일부 뉴런 랜덤으로 삭제(drop)하여 과적합 방지

#### Build the model

In [11]:
# placeholder 동일
X = tf.placeholder(tf.float32, [None, 784]) # 총 열의 개수 (28px*28px)
Y = tf.placeholder(tf.float32, [None, 10]) # 정답 열의 수 0~9

# dropout 비율
keep_prob = tf.placeholder(tf.float32)

# layer
# 전체 인공신경망이 깊을 때(layer가 많을 때) 마지막 혹은 마지막 2개의 layer에 적용
W1 = tf.Variable(tf.random_normal([784, 256], stddev=0.01))
L1 = tf.nn.relu(tf.matmul(X, W1))
L1 = tf.nn.dropout(L1, keep_prob) # Dropout을 적용할 layer, 유지시킬 비율

W2 = tf.Variable(tf.random_normal([256, 256], stddev=0.01))
L2 = tf.nn.relu(tf.matmul(L1, W2))
L2 = tf.nn.dropout(L2, keep_prob) # Dropout을 적용할 layer & 살릴 비율

W3 = tf.Variable(tf.random_normal([256, 10], stddev=0.01))
model = tf.matmul(L2, W3)

#### Set the criterion

In [12]:
cost = tf.losses.softmax_cross_entropy(Y, model) 
optimizer = tf.train.AdamOptimizer(0.001).minimize(cost)

#### Train the model

In [15]:
init = tf.global_variables_initializer()
sess = tf.Session()
sess.run(init)

In [16]:
# mini batch
batch_size = 100
total_batch = int(mnist.train.num_examples / batch_size)
print(total_batch)

550


In [17]:
for epoch in range(15):
    total_cost = 0

    for i in range(total_batch):
        batch_xs, batch_ys = mnist.train.next_batch(batch_size)

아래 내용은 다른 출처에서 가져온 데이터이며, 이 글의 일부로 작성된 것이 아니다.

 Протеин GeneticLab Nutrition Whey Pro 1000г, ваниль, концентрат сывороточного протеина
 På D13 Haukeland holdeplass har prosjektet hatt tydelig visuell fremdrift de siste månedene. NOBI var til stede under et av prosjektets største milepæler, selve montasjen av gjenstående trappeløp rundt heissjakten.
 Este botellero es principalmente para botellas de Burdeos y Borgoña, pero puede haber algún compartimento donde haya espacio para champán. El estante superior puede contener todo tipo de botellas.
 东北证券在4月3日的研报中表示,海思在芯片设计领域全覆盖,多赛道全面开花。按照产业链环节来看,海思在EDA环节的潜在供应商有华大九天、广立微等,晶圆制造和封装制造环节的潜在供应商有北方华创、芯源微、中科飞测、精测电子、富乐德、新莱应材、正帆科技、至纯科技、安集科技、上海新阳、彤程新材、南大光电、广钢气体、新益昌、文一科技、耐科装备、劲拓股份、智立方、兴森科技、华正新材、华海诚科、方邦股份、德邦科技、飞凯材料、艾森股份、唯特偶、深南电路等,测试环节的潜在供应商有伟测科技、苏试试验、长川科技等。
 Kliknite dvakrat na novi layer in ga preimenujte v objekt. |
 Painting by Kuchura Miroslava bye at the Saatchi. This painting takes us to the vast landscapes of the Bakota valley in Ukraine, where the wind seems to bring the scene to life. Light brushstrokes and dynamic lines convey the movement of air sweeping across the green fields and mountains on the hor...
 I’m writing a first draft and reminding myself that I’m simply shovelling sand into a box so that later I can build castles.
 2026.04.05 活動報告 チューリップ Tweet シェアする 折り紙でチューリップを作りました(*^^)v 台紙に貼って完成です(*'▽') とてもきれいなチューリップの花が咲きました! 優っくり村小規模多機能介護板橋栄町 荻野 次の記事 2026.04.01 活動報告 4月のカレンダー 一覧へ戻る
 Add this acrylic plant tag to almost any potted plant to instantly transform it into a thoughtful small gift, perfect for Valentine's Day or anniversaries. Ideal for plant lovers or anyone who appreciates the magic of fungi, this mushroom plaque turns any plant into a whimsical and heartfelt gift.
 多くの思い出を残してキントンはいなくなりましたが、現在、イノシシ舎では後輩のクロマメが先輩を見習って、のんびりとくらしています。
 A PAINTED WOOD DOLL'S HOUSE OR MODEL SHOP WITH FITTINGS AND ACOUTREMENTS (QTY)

        _, cost_val = sess.run([optimizer, cost], feed_dict={X: batch_xs,
                                                             Y: batch_ys,
                                                             keep_prob: 0.8})
        # 살릴 비율 지정, node 중 80%만 유지하고 20%를 train 시마다 off
        
        total_cost += cost_val

    print('Epoch: {}'.format(epoch+1),
          'Avg. cost =', '{:.3f}'.format(total_cost / total_batch))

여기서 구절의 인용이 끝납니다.